2. Questions to the Minister for Health and Social Services – in the Senedd on 25 September 2019.
3. Will the Minister make a statement on staff retention in the Welsh NHS? OAQ54384
Yes. Recruitment and retention is a priority for the Welsh Government and the national health service. Health boards and trusts are leading on initiatives to improve retention, such as return to practice and improving staff well-being. The Welsh Government has also put in place a range of measures to increase the supply of healthcare professionals.
Thank you, Minister. Through written Assembly questions, I have unearthed an alarming fact about the number of nurses in Wales: 4,727 have left the Welsh NHS since 2016/17. And get this: in 2018/19, there were more leavers than joiners. We need more registered nurses to deliver care, and as the Royal College of Nursing in Wales has advised, this requires a focus on both recruitment and addressing retention. As it stands, however, increasing recruitment is not sustainable without improving retention rates. So, Minister, will you commit to investigating why there is such a high number of leavers in Wales, and will you develop an NHS workforce strategy that is focused on providing safe working conditions and more flexible working to actually help our hardworking nurses across Wales?

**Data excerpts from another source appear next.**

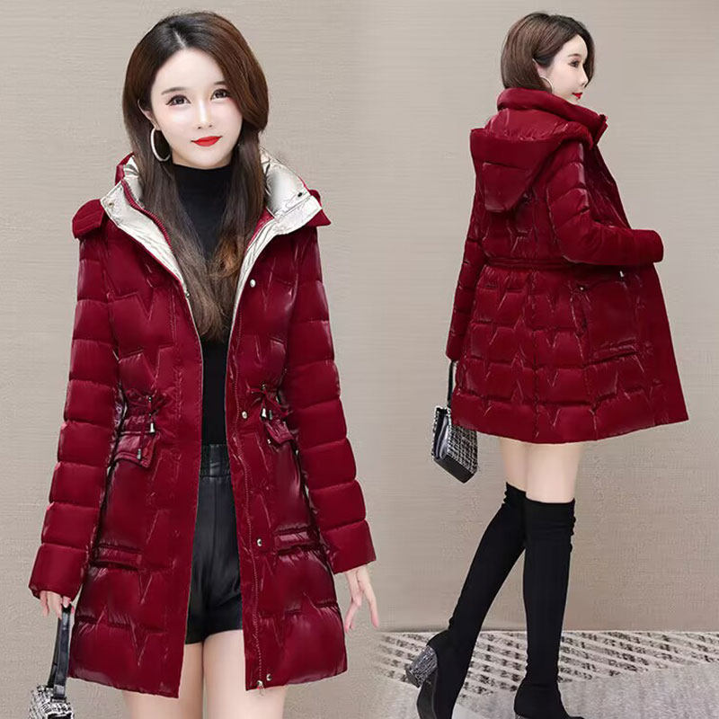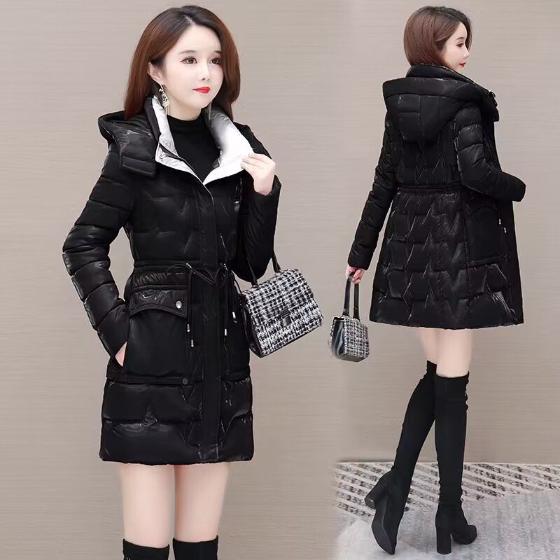 棉衣女中长款冬季新款加厚韩版修身时尚棉服洋气免洗亮面保暖棉袄
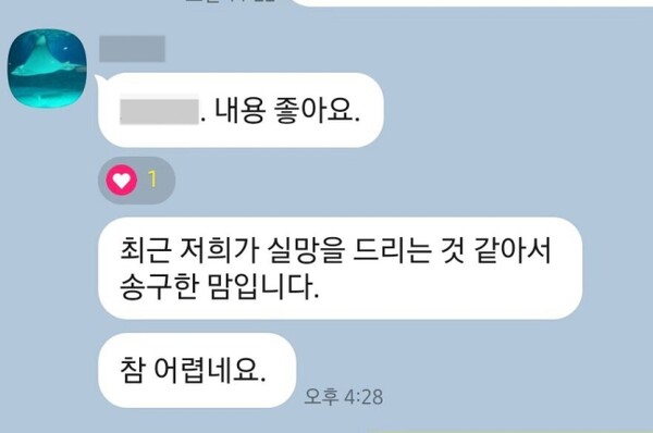 해당 대화를 살펴보면 A 국장은 "최근 저희가 실망을 드리는 것 같아 송구하다. 심리적으로 힘들다"고 했고, 지인은 "조금만 참으세요"라고 위로한다.
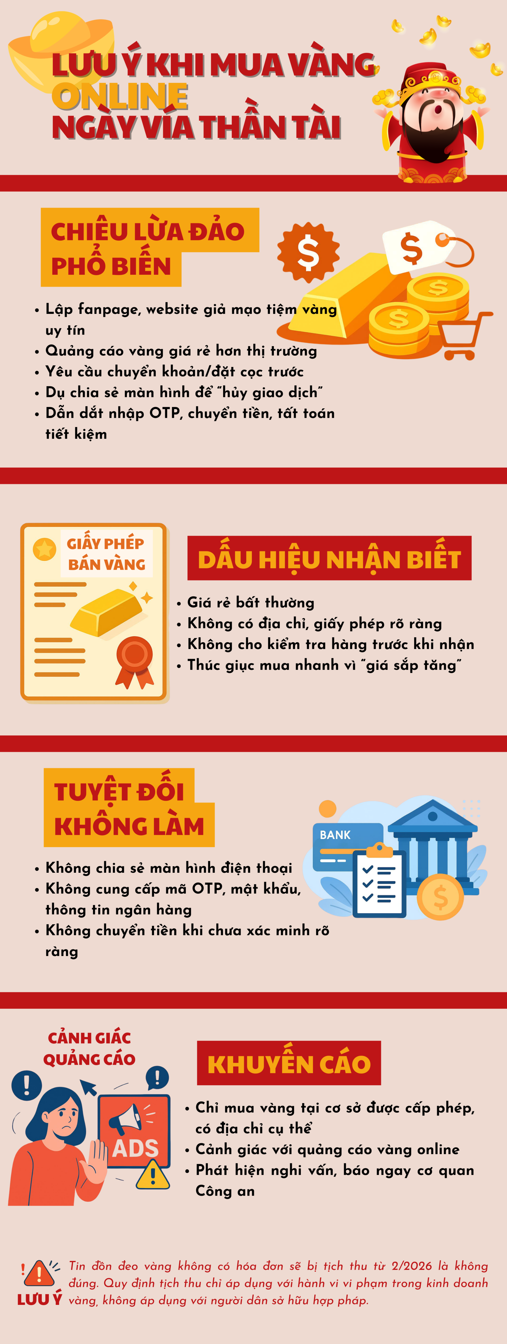 Cơ quan chức năng khuyến cáo người dân cần đặc biệt cảnh giác khi tham gia mua bán vàng, bạc trên không gian mạng; không mua bán qua các trang, tài khoản không rõ nguồn gốc; không tin vào quảng cáo giá rẻ bất thường; chỉ giao dịch tại cơ sở được cấp phép, có địa chỉ rõ ràng; khi phát hiện dấu hiệu nghi vấn cần kịp thời trình báo cơ quan Công an nơi gần nhất.
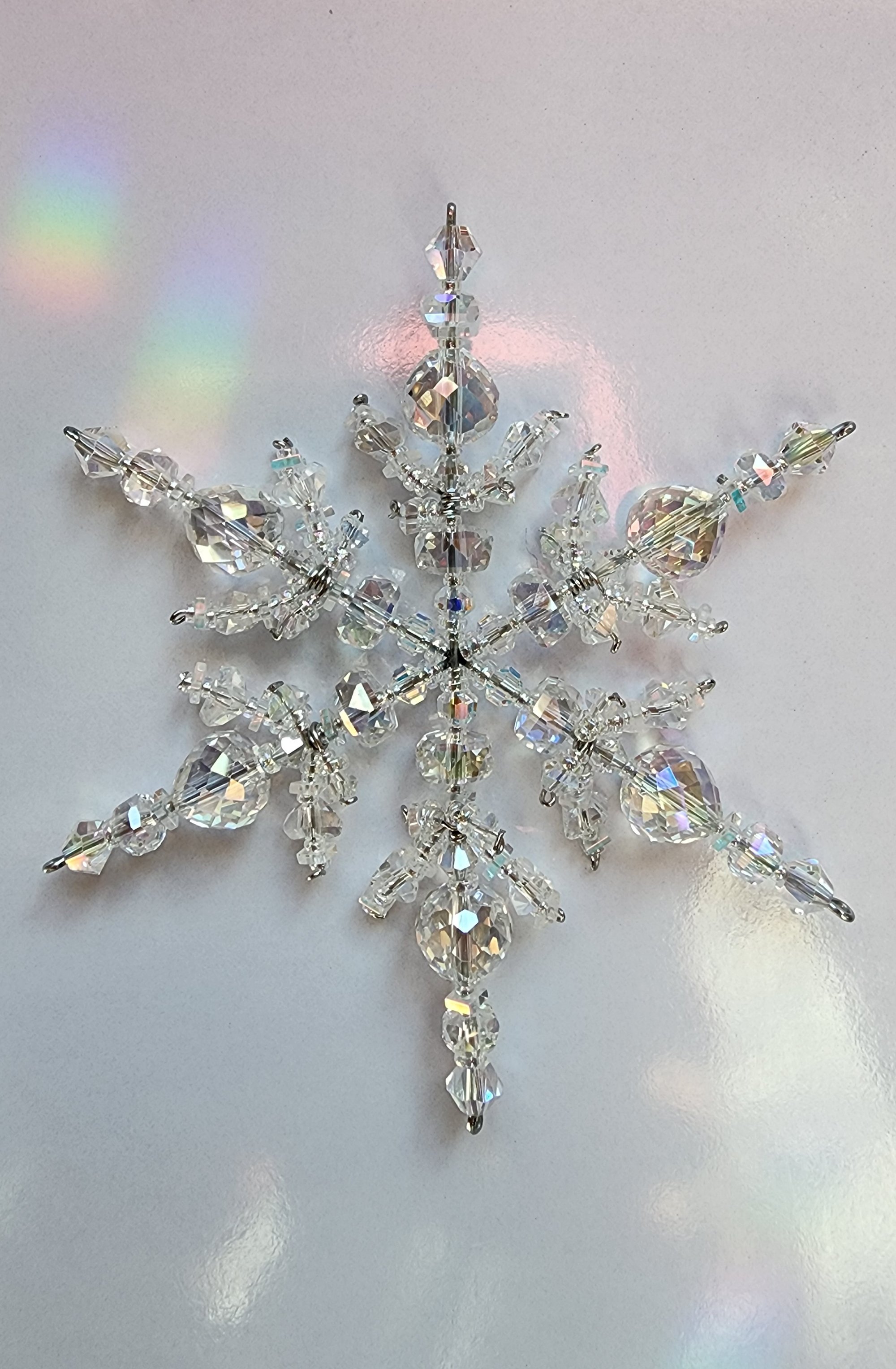 Snowflake Ornament (Austrian Crystal): A luxury version of our snowflake ornament, made entirely of magnificent, sparkling Austrian crystal beads, with hook beautifully boxed for gifting.

The Member may have picked up and forgotten, when reading out her supplementary question, that we talked about the NHS workforce strategy in response to two questions earlier on today. I recognise that, last year, the last year for which we have figures, there were 65 more leavers than joiners in terms of the nursing workforce; that is in contrast to a steady trend of increases in nursing numbers. Between 2009-18, nursing numbers have gone up by 3.8 per cent in total. The Member reflects figures of people who have left the service, but, of course, we are recruiting each year as well. The Member will also know that we have regularly rehearsed within this Chamber the work that we are doing on looking to recruit further nurses. The ‘Train. Work. Live.’ campaign has been successful. In fact, the Royal College of Nursing themselves have been complimentary about that particular campaign. It's also a matter of fact that, in the last five years, we've increased nurse training places by 68 per cent in Wales. So, we are doing all that we can and should do to increase the number of nurses coming into the profession, as with, indeed, the work that we are doing—the Member referred to some of it—on making sure we have more flexible patterns that reflect the reality of someone's work to try to make sure that we retain the nurses that we currently have as well. The big factor, of course, that will affect some of our ability to recruit nurses in the future is our continuing relationship with Europe, where we still recruit and have a number of European Union and wider economic area nurses within the NHS family.
Minister, I'm very pleased to hear the answer you've just given and the efforts the Welsh Government are putting into developing and training more nurses across the area. I speak to nurses—it's not just nurses, but other professionals across the health service—and I want to praise the work that they do, because many of them, if not all of them, go above and beyond their normal working conditions and actually put a lot of effort in, but it takes a toll on the nurses and other staff. They get to a point where they just can't take any more, and they have to, therefore, look to get out early.
You've talked about flexible working. I've raised this with my own health board on occasion. Will you look at opportunities, because some of the nurses who are leaving and going to agencies do it because they want to have greater control over the hours they work? They want to have the ability to have, actually, a better work-life balance with their families. Therefore, will you look at the flexibility of working contracts so that nurses can, actually, have that within the NHS, without having to go to an agency to have that work-life balance that makes the difference to them? It shows that they are cared for and they are well respected by the system, not just by the patients.
I recognise the points that the Member makes. This is something at different points in the training cycle of members of national health service staff, but also when they're at different points in their working life. That's why it's been important for me to retain the NHS bursary. We've seen the impact of removing the bursary in England, where, in particular, it's had a catastrophic impact on recruiting learning disability nurses, who are often more likely to be mature nurses.
There's also the point about that flexible working pattern that'll be important at various different points in someone's life, whether it's about caring responsibilities for adults or children, or, actually, just people wanting to be in a different stage of their life towards the end of their career as well, because we do rely on staff goodwill to provide the service
So, yes, that is part of what we are looking at, not just about the future and into the distance, but it's part of what health boards are already trying to address today. But it goes back to one of the points that I made to Dai Lloyd about our ability to make the system-wide reform that we think we could and should do, and how quickly we're able to do it, because this is a priority in the here and now, and not just in two or three years' time.